Listed Building – Grade II
- Official name: Town Hall
- Designated: 26 March 1973
- Reference no.: 1257616

= Waterloo Town Hall, Merseyside =

Municipal building in Waterloo, Merseyside, England

Waterloo Town Hall, also known as Crosby Town Hall (from 1937 to 1974), is a municipal building in Great George's Road in Waterloo, Merseyside, England. The building, which was the headquarters of Waterloo Urban District Council from 1863 to 1937 and then of Crosby Borough Council from 1937 to 1974, is a Grade II listed building.

==History==
In anticipation of the formation of the new urban district of Waterloo with Seaforth, which was formed out of Litherland in 1863, civic leaders decided to procure a dedicated town hall: the site they selected was open land just south of Waterloo railway station.
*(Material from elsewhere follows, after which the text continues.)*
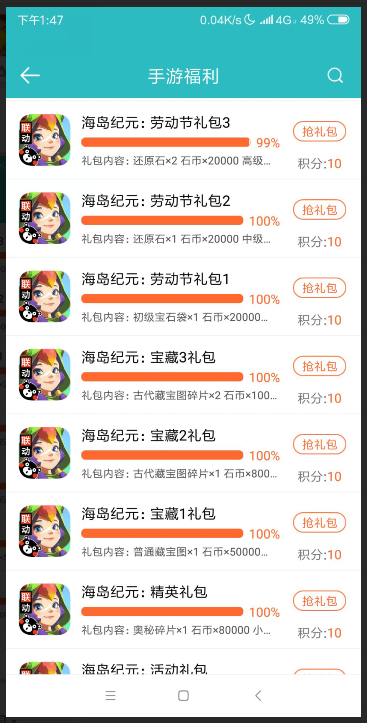 第二步;进入”福利“后既可以看到很多海岛纪元礼包,点击复制礼包兑换码

The building, which was designed in the Italianate style by the council surveyor, F. S. Spencer Yates, opened in 1862. The design involved a symmetrical main frontage with three bays facing onto Great George's Road; the central section featured a portico with Tuscan order columns supporting a frieze with triglyphs; there was a stained glass pedimented window on the first floor, flanked by two other pedimented windows with plain glass, and there was a cornice with dentils at roof level. Internally, the principal rooms were the council chamber and the mayor's parlour. A large extension to the rear was completed in 1893.

The building served as the town hall for the Waterloo with Seaforth Urban District and, following the merger of that district with Great Crosby Urban District to form the Borough of Crosby, the town hall became headquarters of the new Crosby Borough Council in 1937. (Note: Alexandra Hall, completed in 1888 and situated at the junction of Mersey Road, College Road and Coronation Road had originally contained the council offices for Crosby Urban District Council.) It ceased to be the local seat of government on the formation of Sefton Council in 1974. However, it continued to be used as offices by the social services department of Sefton Council and also continued to be used as the local register office as well as a venue for marriages and civil partnerships. After it became clear that the building was in need of extensive refurbishment, in February 2009, a local residents' association expressed their interest in converting the building for use as a heritage centre.

In March 2020, the town hall, along with the Atkinson Art Gallery and Library and Bootle Town Hall, was the venue for A Nightingale's Song, a video production produced by Illuminos as part of Sefton's Borough of Culture celebrations, which involved the projection of a story describing local coastal communities onto prominent buildings.